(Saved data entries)
# # #
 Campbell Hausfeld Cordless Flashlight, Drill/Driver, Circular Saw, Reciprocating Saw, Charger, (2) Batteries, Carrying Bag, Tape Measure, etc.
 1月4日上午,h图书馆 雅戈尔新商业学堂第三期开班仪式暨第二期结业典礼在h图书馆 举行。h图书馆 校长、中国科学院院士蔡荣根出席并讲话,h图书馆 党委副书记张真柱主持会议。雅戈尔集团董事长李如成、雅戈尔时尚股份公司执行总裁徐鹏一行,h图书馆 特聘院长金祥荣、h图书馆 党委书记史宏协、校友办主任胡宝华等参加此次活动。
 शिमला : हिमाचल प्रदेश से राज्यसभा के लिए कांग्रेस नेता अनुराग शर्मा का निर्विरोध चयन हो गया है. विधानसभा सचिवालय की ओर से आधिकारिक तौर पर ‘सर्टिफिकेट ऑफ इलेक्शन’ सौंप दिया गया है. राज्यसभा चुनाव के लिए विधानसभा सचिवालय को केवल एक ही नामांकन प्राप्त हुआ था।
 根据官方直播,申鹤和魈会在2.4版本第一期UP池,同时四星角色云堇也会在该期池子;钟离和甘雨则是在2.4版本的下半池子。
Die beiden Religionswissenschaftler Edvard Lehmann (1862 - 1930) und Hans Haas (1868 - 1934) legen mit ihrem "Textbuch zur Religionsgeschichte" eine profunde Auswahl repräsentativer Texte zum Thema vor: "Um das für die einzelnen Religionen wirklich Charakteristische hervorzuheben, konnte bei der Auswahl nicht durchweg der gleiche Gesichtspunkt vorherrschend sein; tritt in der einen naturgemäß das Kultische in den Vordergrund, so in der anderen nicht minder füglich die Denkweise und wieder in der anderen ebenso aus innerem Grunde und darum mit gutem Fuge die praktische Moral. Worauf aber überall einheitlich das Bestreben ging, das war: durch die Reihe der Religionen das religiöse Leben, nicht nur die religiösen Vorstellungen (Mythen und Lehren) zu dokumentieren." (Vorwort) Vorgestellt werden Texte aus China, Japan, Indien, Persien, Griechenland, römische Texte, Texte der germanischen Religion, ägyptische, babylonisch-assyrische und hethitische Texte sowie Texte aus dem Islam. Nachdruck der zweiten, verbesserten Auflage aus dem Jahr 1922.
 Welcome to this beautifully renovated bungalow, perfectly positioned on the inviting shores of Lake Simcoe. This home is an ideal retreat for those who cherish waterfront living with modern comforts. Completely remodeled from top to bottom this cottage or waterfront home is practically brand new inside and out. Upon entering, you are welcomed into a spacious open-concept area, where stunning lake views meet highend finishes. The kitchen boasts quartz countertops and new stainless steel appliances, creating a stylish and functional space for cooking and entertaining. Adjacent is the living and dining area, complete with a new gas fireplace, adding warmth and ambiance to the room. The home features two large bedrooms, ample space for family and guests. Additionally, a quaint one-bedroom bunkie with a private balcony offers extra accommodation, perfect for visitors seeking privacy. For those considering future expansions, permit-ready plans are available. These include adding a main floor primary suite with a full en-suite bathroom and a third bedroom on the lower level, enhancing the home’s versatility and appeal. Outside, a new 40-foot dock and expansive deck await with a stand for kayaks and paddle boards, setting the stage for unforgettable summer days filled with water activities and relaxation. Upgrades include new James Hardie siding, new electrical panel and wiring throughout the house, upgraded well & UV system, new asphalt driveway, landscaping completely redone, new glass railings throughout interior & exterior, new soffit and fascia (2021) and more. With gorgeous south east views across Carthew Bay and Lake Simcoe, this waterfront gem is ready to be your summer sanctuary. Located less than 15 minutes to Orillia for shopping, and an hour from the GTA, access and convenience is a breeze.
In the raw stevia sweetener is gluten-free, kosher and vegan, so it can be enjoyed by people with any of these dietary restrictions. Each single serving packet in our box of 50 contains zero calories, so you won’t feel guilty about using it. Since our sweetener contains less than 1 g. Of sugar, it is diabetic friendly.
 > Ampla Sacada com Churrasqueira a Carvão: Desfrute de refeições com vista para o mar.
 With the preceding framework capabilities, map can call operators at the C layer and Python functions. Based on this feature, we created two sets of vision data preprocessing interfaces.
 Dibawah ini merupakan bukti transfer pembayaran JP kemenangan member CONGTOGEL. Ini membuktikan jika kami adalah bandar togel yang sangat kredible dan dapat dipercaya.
# # #
[TASK] Reproduce every line of the data verbatim.

[FINAL ANSWER]
 Campbell Hausfeld Cordless Flashlight, Drill/Driver, Circular Saw, Reciprocating Saw, Charger, (2) Batteries, Carrying Bag, Tape Measure, etc.
 1月4日上午,h图书馆 雅戈尔新商业学堂第三期开班仪式暨第二期结业典礼在h图书馆 举行。h图书馆 校长、中国科学院院士蔡荣根出席并讲话,h图书馆 党委副书记张真柱主持会议。雅戈尔集团董事长李如成、雅戈尔时尚股份公司执行总裁徐鹏一行,h图书馆 特聘院长金祥荣、h图书馆 党委书记史宏协、校友办主任胡宝华等参加此次活动。
 शिमला : हिमाचल प्रदेश से राज्यसभा के लिए कांग्रेस नेता अनुराग शर्मा का निर्विरोध चयन हो गया है. विधानसभा सचिवालय की ओर से आधिकारिक तौर पर ‘सर्टिफिकेट ऑफ इलेक्शन’ सौंप दिया गया है. राज्यसभा चुनाव के लिए विधानसभा सचिवालय को केवल एक ही नामांकन प्राप्त हुआ था।
 根据官方直播,申鹤和魈会在2.4版本第一期UP池,同时四星角色云堇也会在该期池子;钟离和甘雨则是在2.4版本的下半池子。
Die beiden Religionswissenschaftler Edvard Lehmann (1862 - 1930) und Hans Haas (1868 - 1934) legen mit ihrem "Textbuch zur Religionsgeschichte" eine profunde Auswahl repräsentativer Texte zum Thema vor: "Um das für die einzelnen Religionen wirklich Charakteristische hervorzuheben, konnte bei der Auswahl nicht durchweg der gleiche Gesichtspunkt vorherrschend sein; tritt in der einen naturgemäß das Kultische in den Vordergrund, so in der anderen nicht minder füglich die Denkweise und wieder in der anderen ebenso aus innerem Grunde und darum mit gutem Fuge die praktische Moral. Worauf aber überall einheitlich das Bestreben ging, das war: durch die Reihe der Religionen das religiöse Leben, nicht nur die religiösen Vorstellungen (Mythen und Lehren) zu dokumentieren." (Vorwort) Vorgestellt werden Texte aus China, Japan, Indien, Persien, Griechenland, römische Texte, Texte der germanischen Religion, ägyptische, babylonisch-assyrische und hethitische Texte sowie Texte aus dem Islam. Nachdruck der zweiten, verbesserten Auflage aus dem Jahr 1922.
 Welcome to this beautifully renovated bungalow, perfectly positioned on the inviting shores of Lake Simcoe. This home is an ideal retreat for those who cherish waterfront living with modern comforts. Completely remodeled from top to bottom this cottage or waterfront home is practically brand new inside and out. Upon entering, you are welcomed into a spacious open-concept area, where stunning lake views meet highend finishes. The kitchen boasts quartz countertops and new stainless steel appliances, creating a stylish and functional space for cooking and entertaining. Adjacent is the living and dining area, complete with a new gas fireplace, adding warmth and ambiance to the room. The home features two large bedrooms, ample space for family and guests. Additionally, a quaint one-bedroom bunkie with a private balcony offers extra accommodation, perfect for visitors seeking privacy. For those considering future expansions, permit-ready plans are available. These include adding a main floor primary suite with a full en-suite bathroom and a third bedroom on the lower level, enhancing the home’s versatility and appeal. Outside, a new 40-foot dock and expansive deck await with a stand for kayaks and paddle boards, setting the stage for unforgettable summer days filled with water activities and relaxation. Upgrades include new James Hardie siding, new electrical panel and wiring throughout the house, upgraded well & UV system, new asphalt driveway, landscaping completely redone, new glass railings throughout interior & exterior, new soffit and fascia (2021) and more. With gorgeous south east views across Carthew Bay and Lake Simcoe, this waterfront gem is ready to be your summer sanctuary. Located less than 15 minutes to Orillia for shopping, and an hour from the GTA, access and convenience is a breeze.
In the raw stevia sweetener is gluten-free, kosher and vegan, so it can be enjoyed by people with any of these dietary restrictions. Each single serving packet in our box of 50 contains zero calories, so you won’t feel guilty about using it. Since our sweetener contains less than 1 g. Of sugar, it is diabetic friendly.
 > Ampla Sacada com Churrasqueira a Carvão: Desfrute de refeições com vista para o mar.
 With the preceding framework capabilities, map can call operators at the C layer and Python functions. Based on this feature, we created two sets of vision data preprocessing interfaces.
 Dibawah ini merupakan bukti transfer pembayaran JP kemenangan member CONGTOGEL. Ini membuktikan jika kami adalah bandar togel yang sangat kredible dan dapat dipercaya.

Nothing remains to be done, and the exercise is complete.